I have Never had Danios or neons in water that cold,,,,,,
Never below 74* all the times I have ever had them...

If I had a 60g to play with,,,,,I would go corys, danios, neons,
and a mess of other tetra's.........chinese algie eater or two,
Plant and driftwood it up nice and let er fly.....


----------



## Damon (Jan 18, 2005)

Danios are very tolerant and can be considered cool water but deffinitely not neons. Those temps will kill them. I don't care for gouramis in planted tanks. Not active enough for me. A nice school would be my opinion. Rummynosed tetras, Cardinals (if you like them), Rasboras, there are so many schooling fish that look wonderful in a planted tank.


----------



## MB75 (Jan 24, 2005)

Platies, guppies, mollies and swordtails prefer hard and alcaline water.

Tetras and many apistrogrammas and gouramies prefer softer, acidic water.

So it is better not to mix them. 

Zebra danios would make a nice and lively school in your tank, 12 of them sounds really good. They prefer cooler water so a heater is not necessarily needed.

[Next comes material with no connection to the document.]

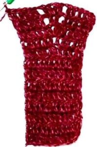 0 – Para a largura de 55cm, comece com 74 correntes e suba mais 3 correntes para ser

Neontetras also like cooler water, cardinal tetras like the warmer water. They look alike but this is a difference to know in their environment.
In good conditions, soft acidic water, room temperature, neon tetras live for many years - up to 6 years in my tank. In warmer water their life span tends to shorten.

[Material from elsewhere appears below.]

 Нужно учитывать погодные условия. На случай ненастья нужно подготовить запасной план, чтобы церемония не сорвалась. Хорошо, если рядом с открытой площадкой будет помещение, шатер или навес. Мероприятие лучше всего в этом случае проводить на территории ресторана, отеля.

Many gouramies then again prefer the warmer water.

I suggest either zebra danios and neons and some ottos (which also prefers cooler - room temperature - water), OR cardinal tetras and dwarf or honey gouramies.

Planted tank sounds great, all fish prefer real live plants, just like in their natural habitat.

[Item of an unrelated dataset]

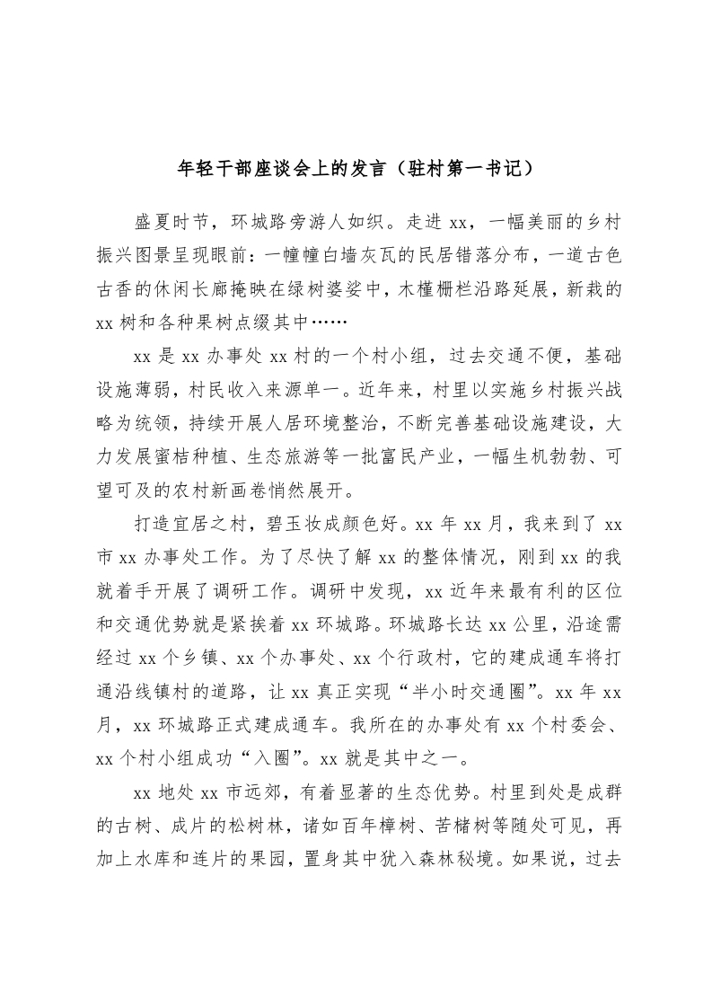 / 年轻干部座谈会上的发言(驻村第一书记)

Very good of you to ask and think first, and only then buy, and not visa versa!


----------



## DervMan (Jan 26, 2005)

Thanks for the advice!



> Very good of you to ask and think first, and only then buy, and not visa versa!


We want happy fish! I daresay this whole aquarium experience has been a bit expensive, but this is mainly because we're determined to do it as right as we can.

Mistakes so far? Yeah. Mixing sand and gravel, only getting 80 watts worth of illumination... The sand / gravel thing I'll have to watch but we can cope with the lights.

We'd picked the fish because these should do well in a hard warer, alkaline environment. As I understood it, most Tetras (_not all, but certainly Neons and Cardinals Tetras_) prefer soft, acidic water. Our tap water is hard and I'd rather get fish to suit the water rather than try to treat it, running the risk of screwing it up and having unhappy fish.  

I've always always fancied a shoal of Zebra Danios, and I figure with some decent space in the middle, twelve to fourteen should look ace. And of course they'll be happy! :king:

To be fair we're flexible. We don't have any fish in there yet, just the plants (_and some growth!_) and we're at the planning stage. There's always the temptation to go out and get something just to have fish in there but we'd rather plan it.

Temperature wise, it's currently set to 78°F and room temperature varies quite a bit, typically around 70°F or so. But we live in a cool climate (_York, northern England, the United Kingdom_) and although the tank is sheltered, I expect the temperature to drop a little at night when the room isn't being heated.


----------



## MB75 (Jan 24, 2005)

So nice to see people who give it time, in stead of rush!  

A shoal of zebra danios is certainly a wonderful sight. With some thick bushes of plants they even tend to spawn often - though it is another story how to save the fry. :wink: 

So maybe a bunch of zebra danios who like to swim in the top half of the tank, and to go with them, a group of 6-8 corydoras of one species? (don't mix cories they prefer their own kind and deserve to be with their own species rather than 1-2 individuals of 5-6 different species)
Then you would have something going on both in the top half of the tank as well as on the bottom. There are many really beautiful corydoras, my favorite above all is _corydoras sterbai_.
But - cories deserve sand substrate to keep their sensitive whiskers in good condition.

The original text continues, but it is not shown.